The event brought attention to several deaths in the Black LGTBQ community, particularly of trans women, including Nina Pop, Monika Diamond, Dominique Fells and Riah Milton. Alexis noted that not only police but people in the community are responsible for the deaths of trans women.

Alexis also mentioned Tyre King, Julius Ervin Tate Jr., Donna Dalton and others killed by the Columbus Division of Police, and organizers announced 12 demands of the city, including the resignation of Ginther and the defunding of the police division.

Shatonna Missick, 32, of Reynoldsburg, attended the rally to support her husband, Luther, an American Sign Languague interpreter for the event, and to speak out against “unwarranted, unnecessary” uses of force by police, she said.

“This is my first (protest),” she admitted. “I’ve been at home with my kids.”

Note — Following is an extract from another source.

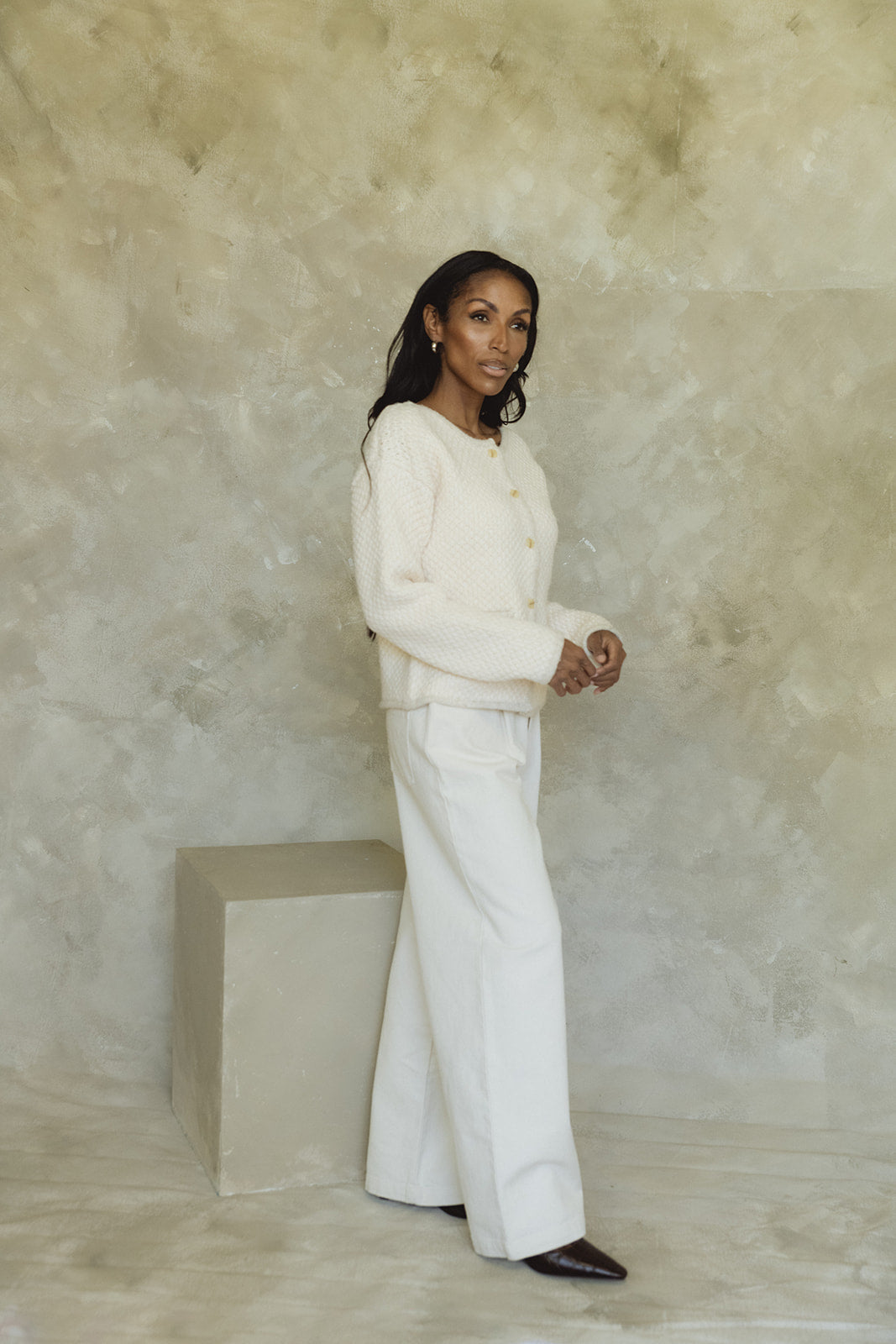 The Teddy Boucle Knit Jacket features a textured boucle knit in waffle pattern with a button front closure, front patch pockets, and contrast piping detail along the edges. The Teddy Jacket is a beautifully feminine piece that will hold a special place in your closet.

Several miles away, mothers had their children with them for the Mothers March for Justice organized Downtown by Chosen4Change, a Columbus nonprofit that serves those incarcerated, those formerly incarcerated and their families.

About 75 people marched twice in a loop around City Hall and the Columbus Division of Police while holding signs and chanting, “Black Lives Matter,” “Hands up, don’t shoot,” and other phrases.

Chosen4Change founder Patrice Palmer, 57, of Whitehall, said it was important to give mothers a voice in the fight against police violence, especially after watching video footage of George Floyd, who died in May after a Minneapolis police officer knelt on his neck.

“When he called out for his mother, that had to touch every heart of a mother and a grandmother all across this country,” said Palmer, who is calling for police reform. “We are struggling with the unrest in a different capacity.”

March participant Tonya Bailey, 49, of the North Side, said she also was touched by Floyd’s call for his mother.

“I have a Black son who I’ve had to talk to several times about what to do when pulled over,” she said. “I’m also an educator and a high school principal, and I have to talk to my students of all races about the injustices.”

Palmer also encouraged participants to vote and take a pledge to get active.

“The first thing you can do is use your voice in your circle of influence.”